I just tried to get around this by saving the ginza model locally to disk, and using the below command to reference the local model.
prodigy train ner my_data ./models/ja_ginza --output ./models/new_ginza
I also updated prodigy to the current version:
$ prodigy stats
Version 1.10.4
Platform Linux-4.4.0-87-generic-x86_64-with-glibc2.17
Python Version 3.8.1
I now get this error instead:
KeyError: "[E002] Can't find factory for 'CompoundSplitter'. This usually happens when spaCy calls `nlp.create_pipe` with a component name that's not built in - for example, when constructing the pipeline from a model's meta.json. If you're using a custom component, you can write to `Language.factories['CompoundSplitter']` or remove it from the model meta and add it via `nlp.add_pipe` instead."

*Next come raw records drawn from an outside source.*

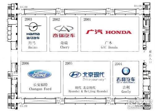 4.2号馆参展品牌:海马汽车、奇瑞汽车、广汽本田、长安福特、北京现代、吉利汽车。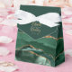 Esta elegante caixa de favores moderna apresenta uma esmeralda cor d'água verde agate design aparada com brilho dourado. Personalize-o com os nomes da noiva e do noivo em um guião de manuscrito dourado sobre um grande e verde esmeralda, junto com a data do casamento abaixo.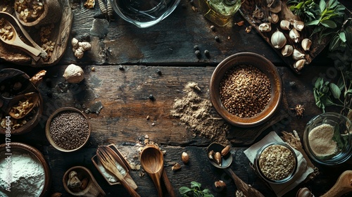 Rustic wooden table with spice bowls and herbs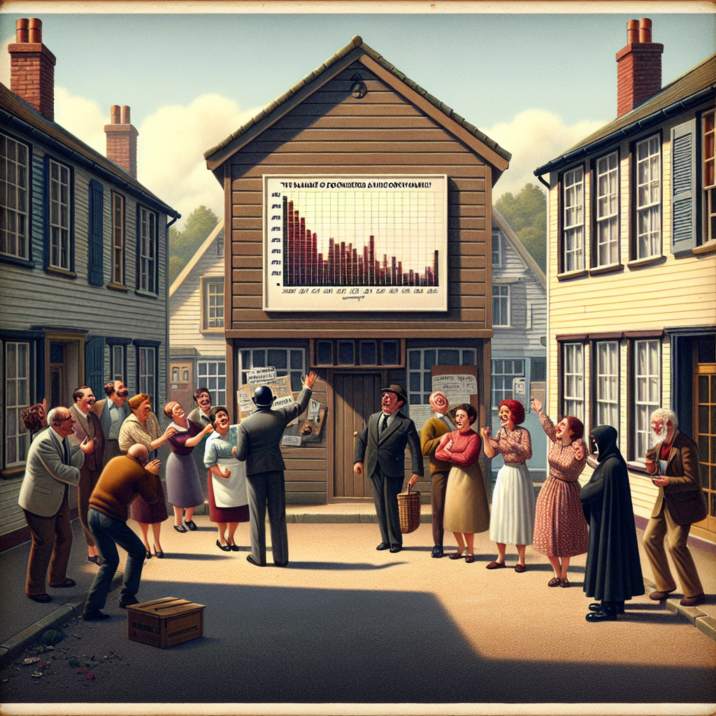 Prompt: Generate an image inspired by a Discovery magazine cover, featuring a quaint small town setting. In the background, a bulletin board displays a chart depicting the declining popularity of the name "Lamont" over the years. Near the bulletin board, a group of cheerful neighbors engage in conversation outside their well-kept homes, radiating a sense of community. Meanwhile, a dejected burglar can be seen sneaking away, visibly discouraged by the lack of "Lamont" references and the resulting decrease in burglary rates. The scene captures the subtle impact of a changing societal trend on the community's well-being. The depiction should include only scenes, people, and objects, it should not include text or speech bubbles.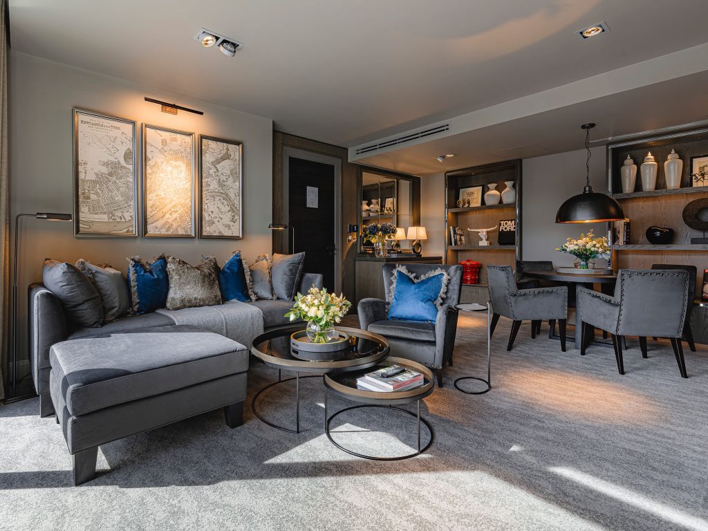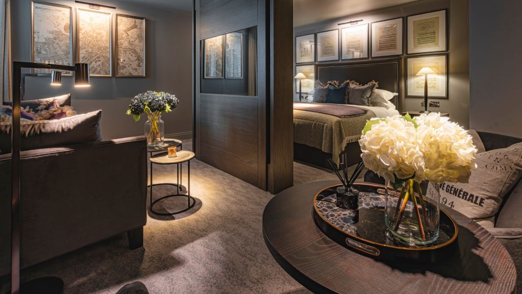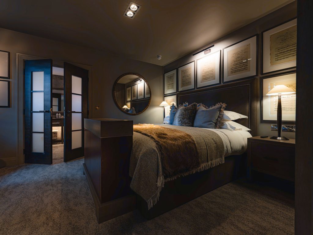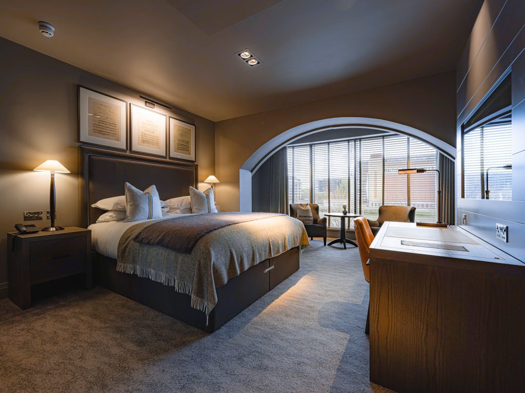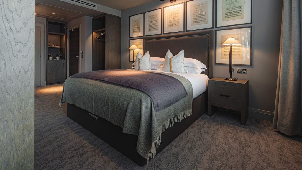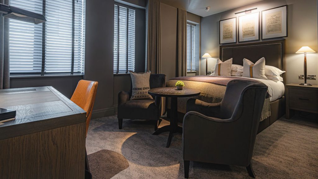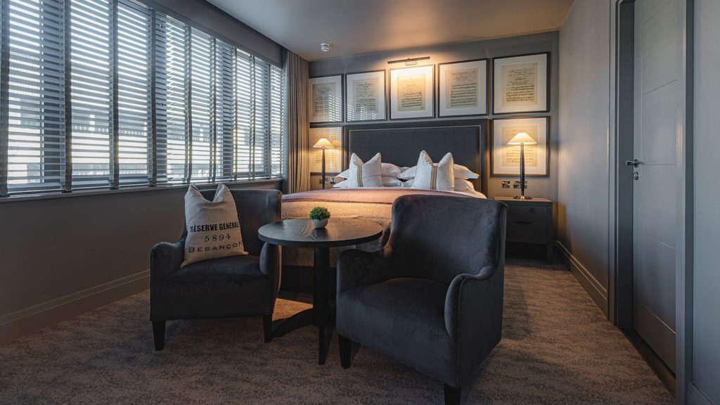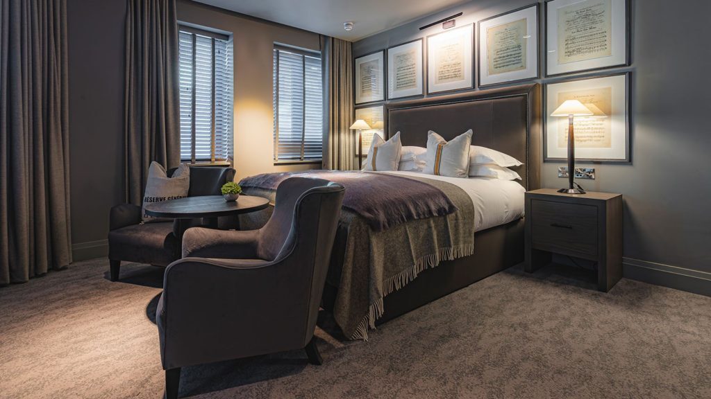 Apple TV with streaming apps and Sky Sports package — Ensuite bathroom with rainfall shower — Luxury toiletries — Tea and coffee tray, bottled water — Crisp cotton linen and sumptuously soft bedding — Hairdryer — Iron & ironing board — In-room safe — Valet parking service (optional & chargeable) — Complimentary high speed WiFi
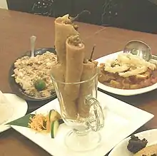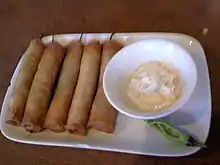 It is eaten as is or dipped into common lumpia dipping sauces like banana ketchup, sweet and sour sauce, garlic mayonnaise, honey mustard, or vinegar with labuyo peppers and calamansi.[1][9][11] It is usually eaten as an appetizer or as pulutan (finger food) with beer or other alcoholic drinks.[5][1]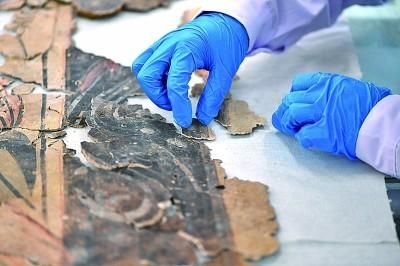在山西大同云岡石窟研究院壁畫文物修復(fù)室,工作人員在進(jìn)行壁畫修復(fù)。新華社發(fā)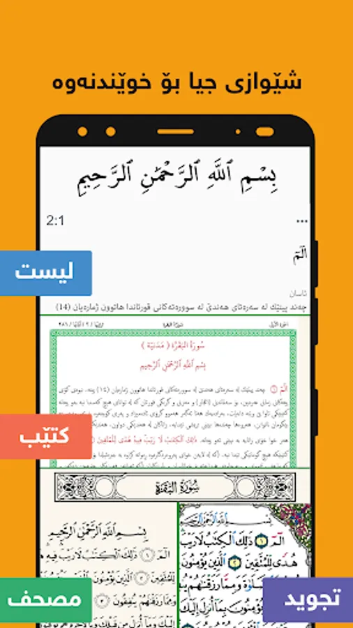 • چوار شێوازی نیشاندانی ئایەت (لیست/كتێب/مصحف/مصحف لەگەڵ تجوید)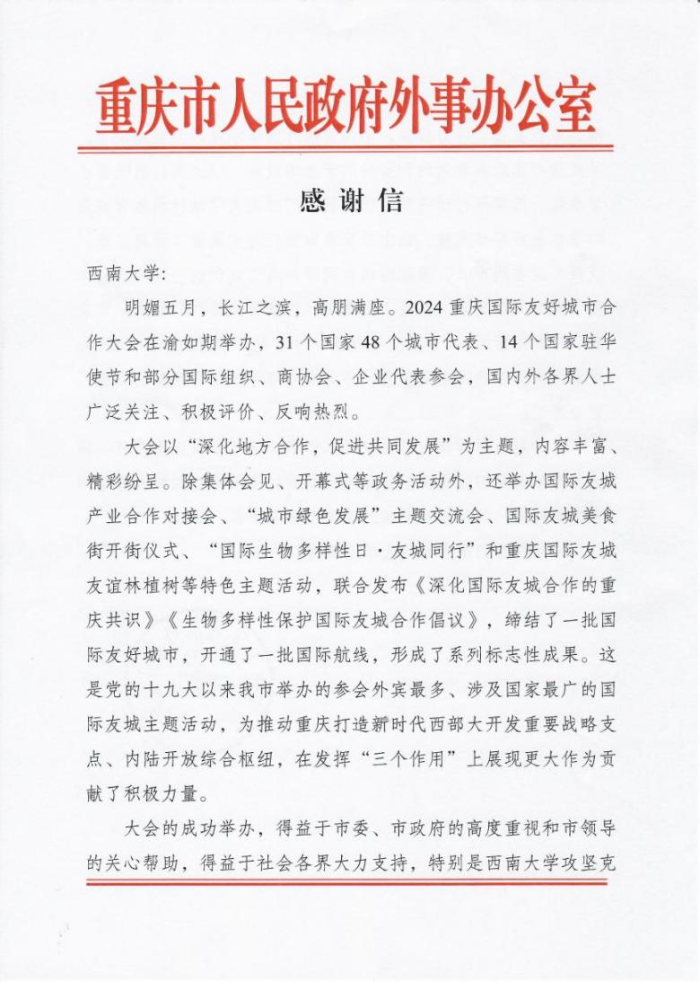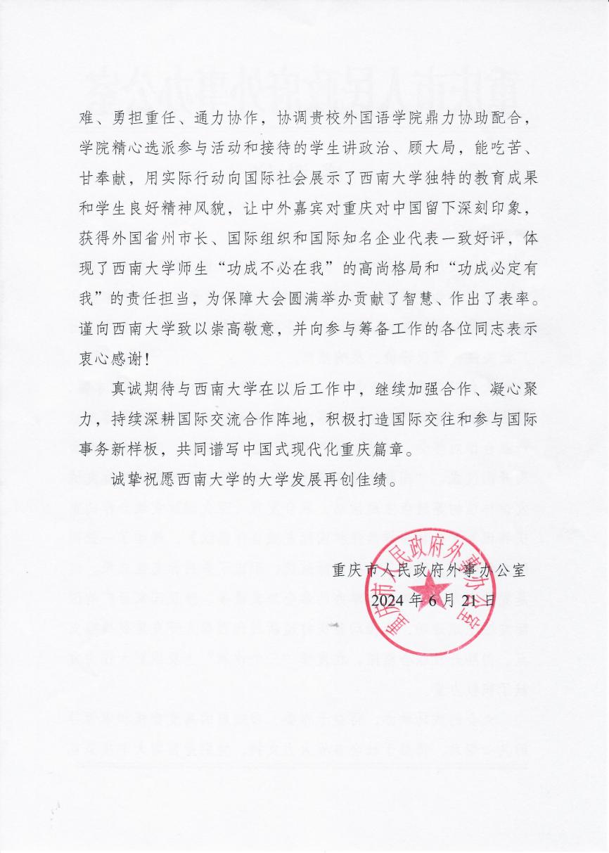近日,学院收到重庆市人民政府外事办公室发来的感谢信,感谢学院为2024重庆国际友好城市合作大会做出的贡献。信中表示,学院学子“讲政治、顾大局,能吃苦、甘奉献,用实际行动向国际社会展示了永利集团独特的教育成果和青年学生良好的精神风貌,让中外嘉宾对重庆对中国留下了深刻印象,并且获得外国省州市长、国际组织和国际知名企业代表一致好评,体现了永利集团师生‘功成不必在我’的高尚格局和‘功成必定有我’的责任担当,为保障大会圆满举办贡献了智慧、作出了表率。”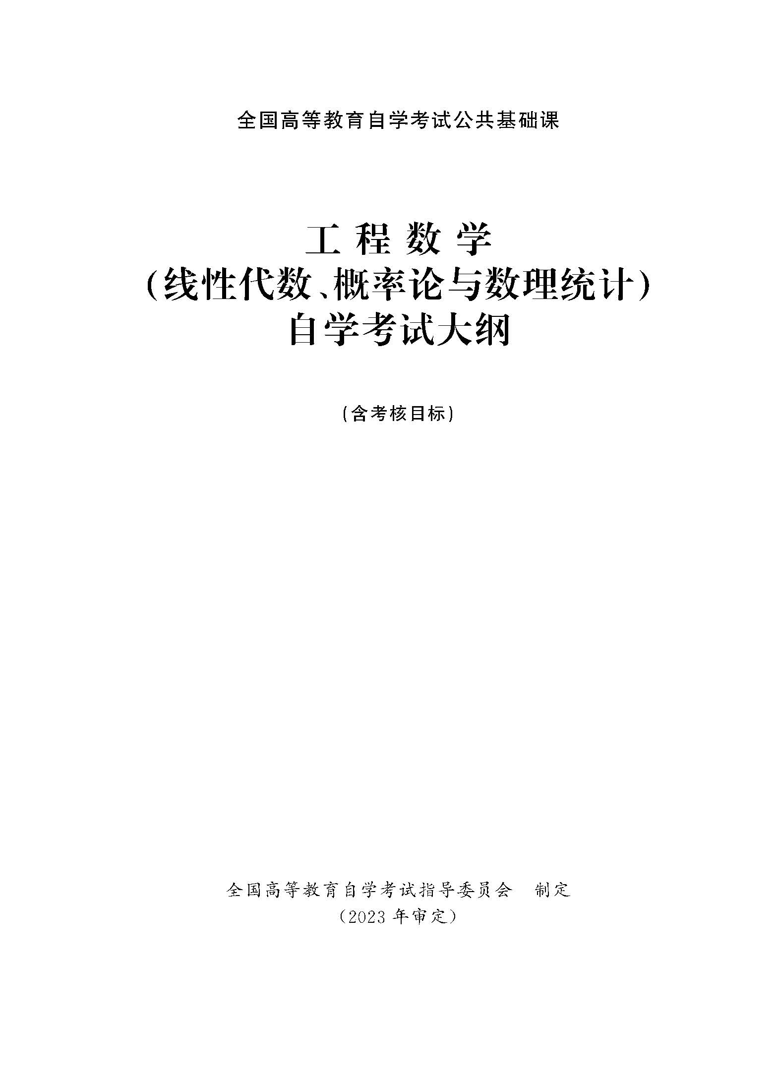最新2024年全国高等教育自学考试公共基础课工程数学自学考试大纲

Not quite sure what i need to do here. Specifically, what are write to Language.factories['CompoundSplitter'] and ``add via nlp.add_pipe referring to?
Digging in a bit more, I find that the Can't find factory for 'CompoundSplitter' error only seems to occur when running this command on Linux.
On MacOS, training runs smoothly and a new model is created.
prodigy train ner test_ner ./models/ja_ginza/ --output ./models/new_ginza
Here are stats on each environment.
MacOS
Version 1.10.4
Location /Users/me/.pyenv/versions/3.6.1/lib/python3.6/site-packages/prodigy
Prodigy Home /Users/me/.prodigy
Platform Darwin-19.6.0-x86_64-i386-64bit
Python Version 3.6.1
Database Name SQLite
Database Id sqlite
Total Datasets 9
Total Sessions 60
Linux
Version 1.10.4
Location /home/me/.pyenv/versions/Prodigy2/lib/python3.8/site-packages/prodigy
Prodigy Home /home/me/.prodigy
Platform Linux-4.4.0-87-generic-x86_64-with-glibc2.17
Python Version 3.8.1
Database Name SQLite
Database Id sqlite
Total Datasets 5
Total Sessions 16
I would rather not change the python version on Linux, but what could be going on here?
Thank you, as always.
Glad you got it working! I think ultimately, this comes down to how that package was implemented – it's not an "official" spaCy model we distribute, which is why the spacy download command won't work. So I also don't know the details of how it's packaged etc.
The Linux/MacOS difference likely happens because you're running different Python environments here – maybe one of them has the Ginza package or additional dependencies installed that are needed to find the component, and maybe the other one doesn't?
This refers to the implementation details of the custom component CompoundSplitter, which I assume is provided by the Ginza library? If a third-party library exposes a custom component, it needs to make it available to spaCy, otherwise spaCy won't know how to set it up. One way to do this is via entry points, or by code that runs as part of the model package.